I went up to see the Large-Billed Puffins. Maybe I ought to give them names, since it felt like we'd
gotten to know each other.
But they were gone. Just like the Arctic Tern.
This time, the page was turned to a dying bird. And I mean, really dying. Most of the picture was
this one wing, held straight up. All its feathers were spread out, and you could see how Audubon got
their pattern down—three rows of long, overlapping dark feathers, tipped white at the ends. You
could feel how the wind would cruise over them. It was so beautiful, and it's what you looked at first.
And then you looked down at the second wing, which was crushed.
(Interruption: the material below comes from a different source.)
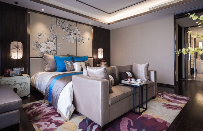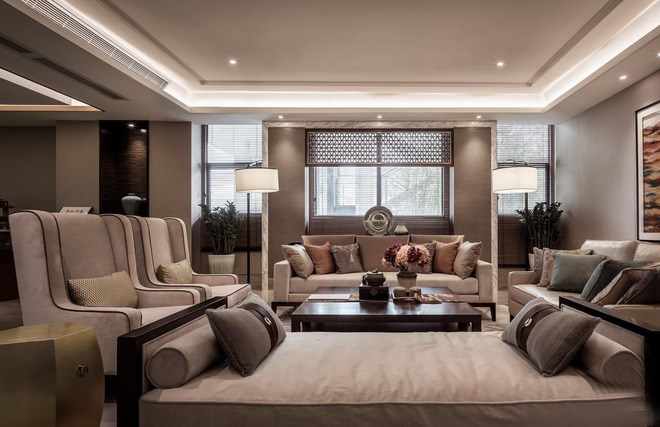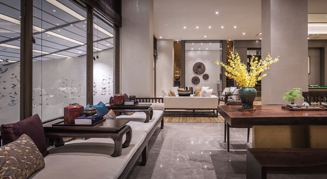 在平面處理上,我們以對景、虛實、疏密、藏露、繁簡等手法串聯(lián)各功能空間,一如山靜水動、山陰水陽、山仁水智的陰陽媾和的復合理念,呈現(xiàn)出一派舒適、休閑又兼具品質的山海生活景象。山是精神,亦是境界。在立面上我們用寫意畫的筆觸,輔以深色勾線、淺色帶面,賦予“山”的硬朗。同時,我們在終飾物料及藝術品中亦融入山水肌理和意向,以“水”之陰柔與其和諧相生。

And then you looked at the belly of the bird, which was spouting thick red blood all over the dark
feathers.
And then you looked beneath the bird, where the blood was in a puddle.
And then you looked at the bird's head. After that, that's all you looked at.
I would have given Joe Pepitone's jacket to save this bird.
His beak was wide open and his tongue was stretched out into a point. He was screeching while
his blood ran. His head was pulled far back, like he was taking one last look at the sky that he would
never fly in again. And his round eye told you he knew that everything was ruined forever.